Mit der Klinik für Neonatologie und der Universitätsfrauenklinik steht den Familien des Landes das größte Perinatalzentrum (LEVEL I) des Landes zur Versorgung von Früh- und Neugeborenen zur Verfügung. Das interdisziplinäre Fachzentrum ist auf alle Notlagen und Risiken sowohl für die Schwangeren als auch für die Neugeborenen eingestellt und betreut Risikoschwangere und Neugeborene aus einem großen regionalen Umkreis.

Im Vorjahr wurden dort insgesamt 267 Mädchen und Jungen vor dem errechneten Geburtstermin betreut (2021: 276).

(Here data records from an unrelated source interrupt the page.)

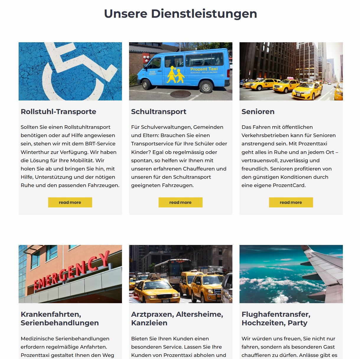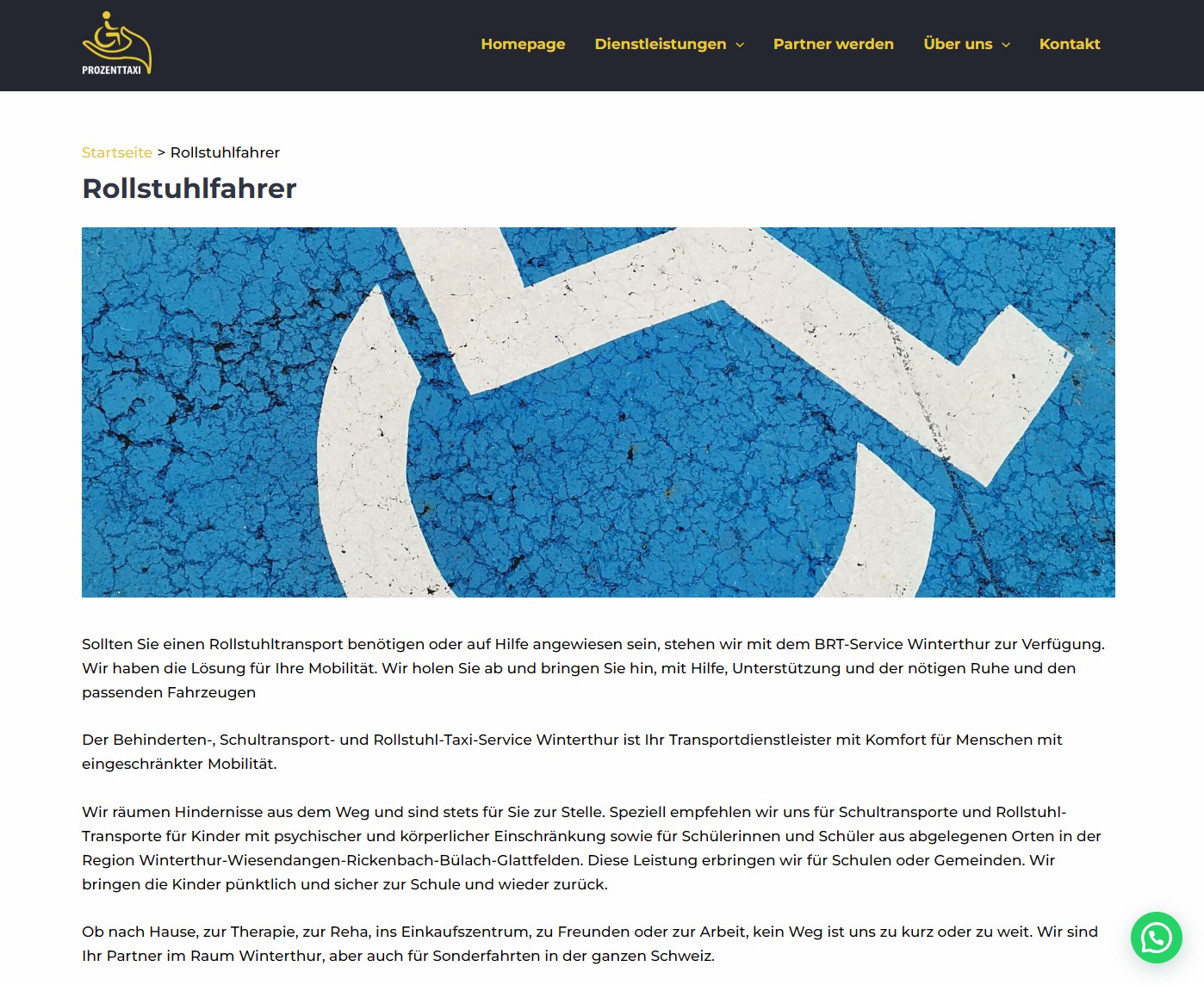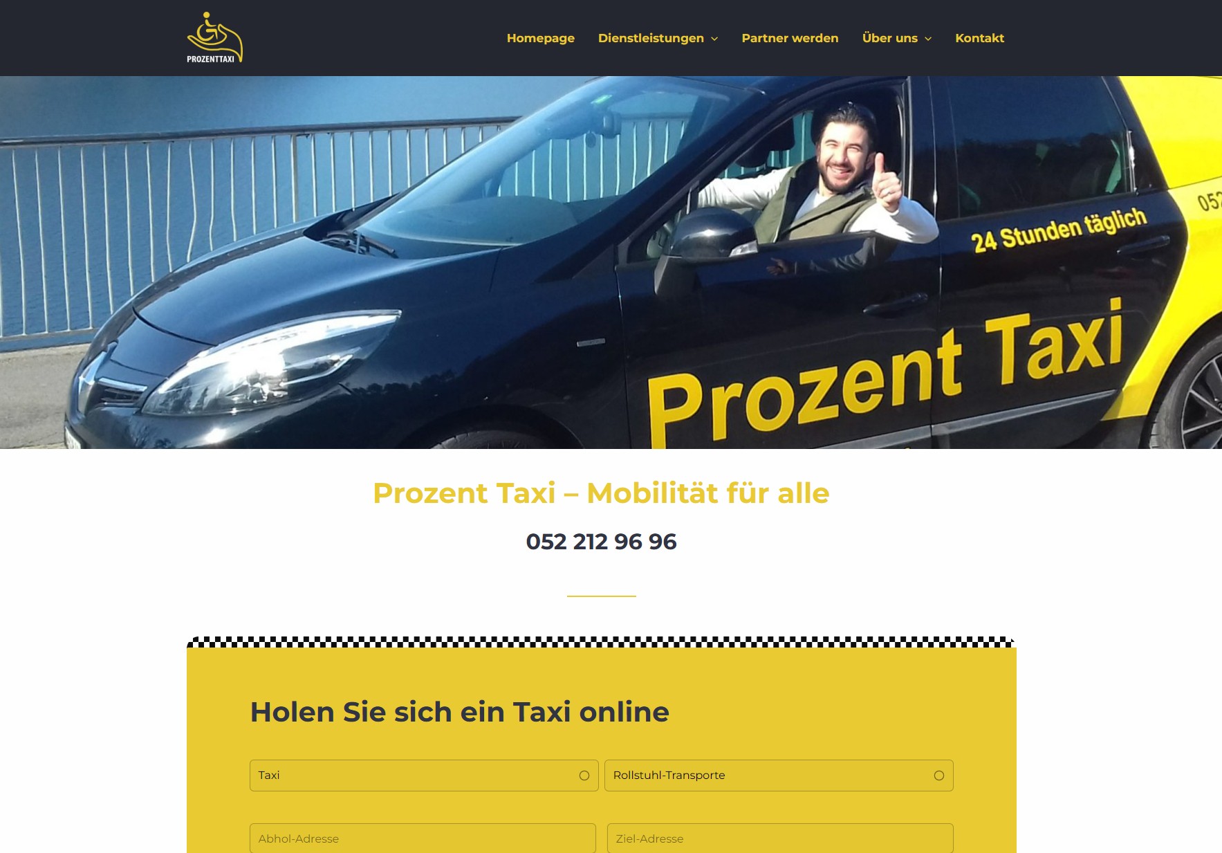 Das Taxi-Unternehmen „Prozenttaxi.ch“ in Winterthur-Seuzach ist spezialisiert auf Rollstuhl- und Behinderten-Transporte. 2025 durfte INTERNETGRAFIK die Website des Transportunternehmens neu gestalten. Die Website basiert auf dem System „Word Press“. Das verwendete WordPress Template war veraltet und musste ersetzt werden. Highlight der Website sind das Online-Taxi-Formular auf der Hauptseite, mit dem man sich schnell und unkompliziert ein Taxi bestellen kann, sowie die Kontaktmöglichkeit direkt per WhatsApp, die immer häufiger genutzt wird, sowie die vielen positiven Referenzen seiner Kunden.
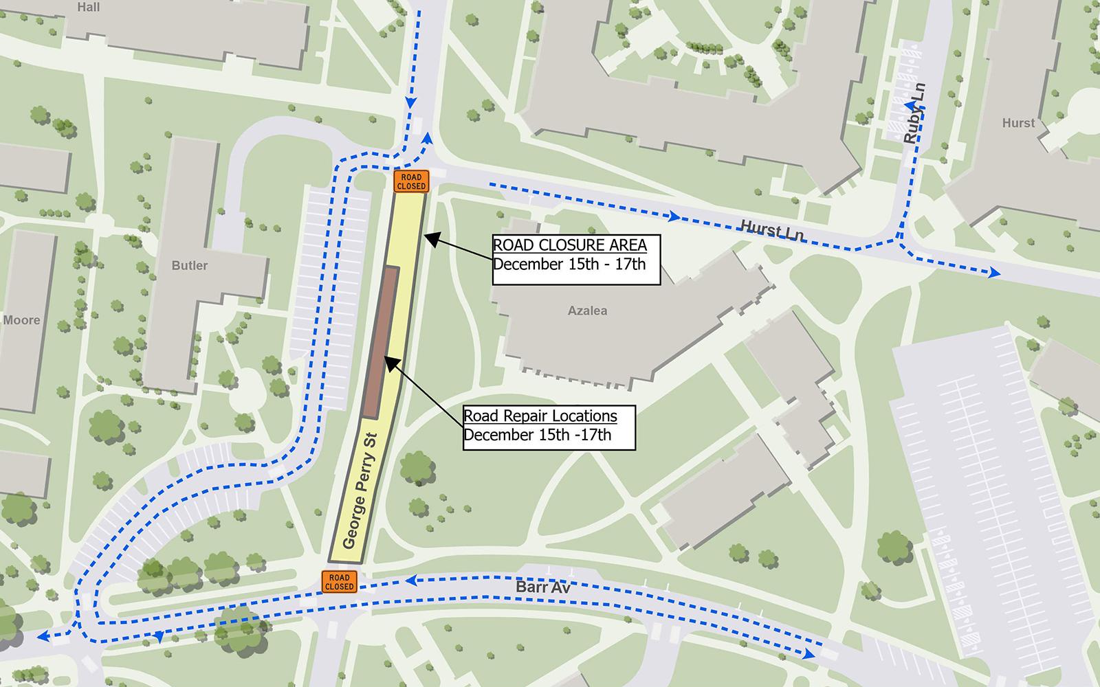 George Perry Street, from Barr Avenue to Hurst Lane, will close Dec. 15-17 for repairs, while Ruby Lane also will close on Dec. 17.
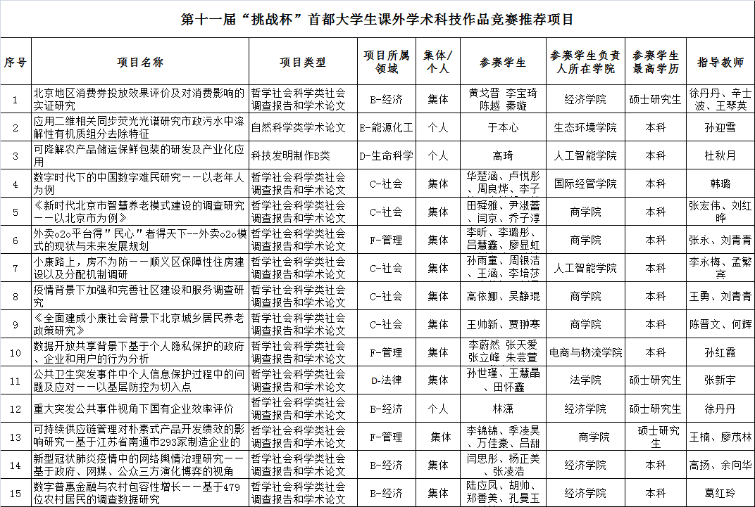 校級評審由15位校外專家擔(dān)任評委,他們本著“公平、公正、公開”的原則,根據(jù)作品創(chuàng)新性、學(xué)術(shù)性、規(guī)范性、應(yīng)用性等方面進(jìn)行綜合評定。最終,按要求推薦15個項目上報首都“挑戰(zhàn)杯”競賽組委會,具體項目詳見附件。參加首都賽的各項作品將繼續(xù)完善,努力在第十一屆“挑戰(zhàn)杯”首都大學(xué)生課外學(xué)術(shù)科技作品競賽中展現(xiàn)出我校學(xué)生的學(xué)術(shù)水平?,F(xiàn)對所推薦項目予以公示。

Darunter waren 44 kleine Kämpferherzen unter 1.500 Gramm sowie 28 Extremfrühstarter unter 1.250 Gramm und 20 unter 1.000 Gramm.

„Das Leichtgewicht dieses Jahres, ein Mädchen mit nur 380 Gramm Geburtsgewicht und 26 cm Länge, kam Anfang Juni an der Grenze der Überlebensmöglichkeit in der 24. Schwangerschaftswoche zur Welt“, berichtete der Chefarzt der Klinik für Neonatologie, PD Dr. Dirk M. Olbertz. „Nach 105 Tagen, eine harte Zeit für die besorgten Eltern, konnte das kleine Mädchen mit guter Prognose nach Hause entlassen werden. Das ist dann auch für unser gesamtes Team ein sehr emotionaler Moment“, so der Frühchenexperte.

„Auch die zwei Drillingsgeburten haben uns auf Trab gehalten. Für die unmittelbare Betreuung nach der Geburt sind drei Ärztinnen und Ärzte mit der Schwerpunktausbildung Neonatologie sowie mindestens drei intensivmedizinisch geschulte Fachpflegekräfte erforderlich. Es gilt, mögliche Anpassungsstörungen aufgrund der noch unreifen Entwicklung der Neugeborenen zu behandeln. Beide Drillingsgeburten und die Nachsorge auf der Fühchenstation verliefen sehr erfolgreich.“

Die Klinik für Neonatologie verfügt über 14 Intensiveinheiten und elf Nachsorgeplätze sowie kann bei notwendigen Verlegungen den am Südstadtklinikum stationierten Intensivtransporthubschrauber Christoph 92 mit mobilem Inkubator von der Johanniter Luftrettung nutzen.